And the nuclear plants themselves? Totally safe. Unless there’s an earthquake. Or a terrorist attack. Or the cooling pumps break.

The insanity of idling wind-power farms can in no way be interpreted as an indictment of renewable energy. Renewable energy is still the only logical way to sustain a technological society for more than a handful of generations. To overstate the obvious: the coal (and oil, and gas) won’t always be there. But the wind will.

The real culprit is the age and insularity of our power grid. The grid is regionalized, so that even if BPA wanted to move their excess power east, they couldn’t. It’s physically impossible. And our grid is ancient, by tech standards. Its design and many of its elements date back to the late 1940s.

A new grid is not only feasible, its design has been in the works for decades. It’s called Smart Grid, and it would leverage digital technology, and nationwide integration, to gain the maximum possible efficiency in the generation, transmission and use of electricity.

It would also cost anywhere between $100 billion and $2 trillion to implement.

That sticker shock is why Smart Grid remains hypothetical. It’s why even tepid Smart Grid research and development is inevitably the first thing to go in every round of budget cuts.

That’s a lot of dough, no doubt about it.

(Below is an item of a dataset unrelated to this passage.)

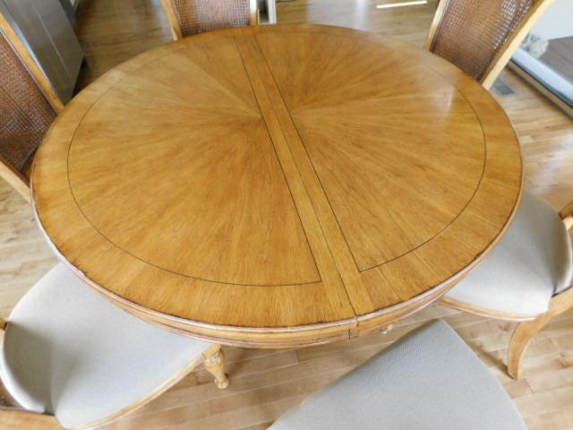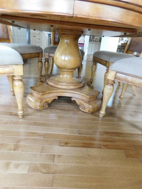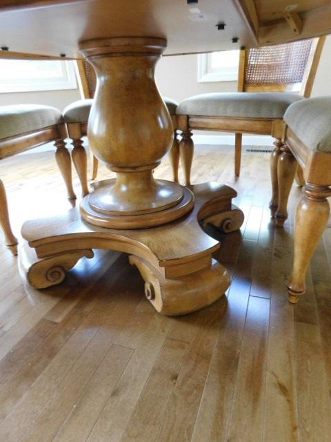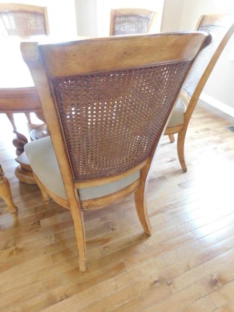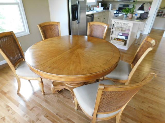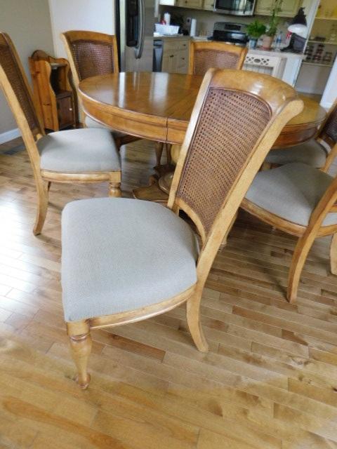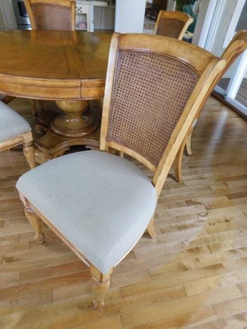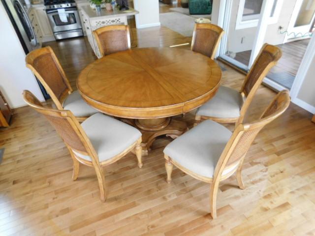 Like New Sandalwood Table and Six Cane Back and Upholstered Seat Chair Set 53"dia. Includes One 22"w Leaf. Main floor

Quite a few would even argue that we simply can’t afford it. But it seems to me that with a grid as old as ours, we’re going to be replacing it anyway, sooner rather than later. We can replace it piecemeal, as disparate elements of it wear out and break down…

Or we can use the best technology we have, to create a grid that’s efficient and effective. And we can stop shutting down wind farms just because it snowed too much.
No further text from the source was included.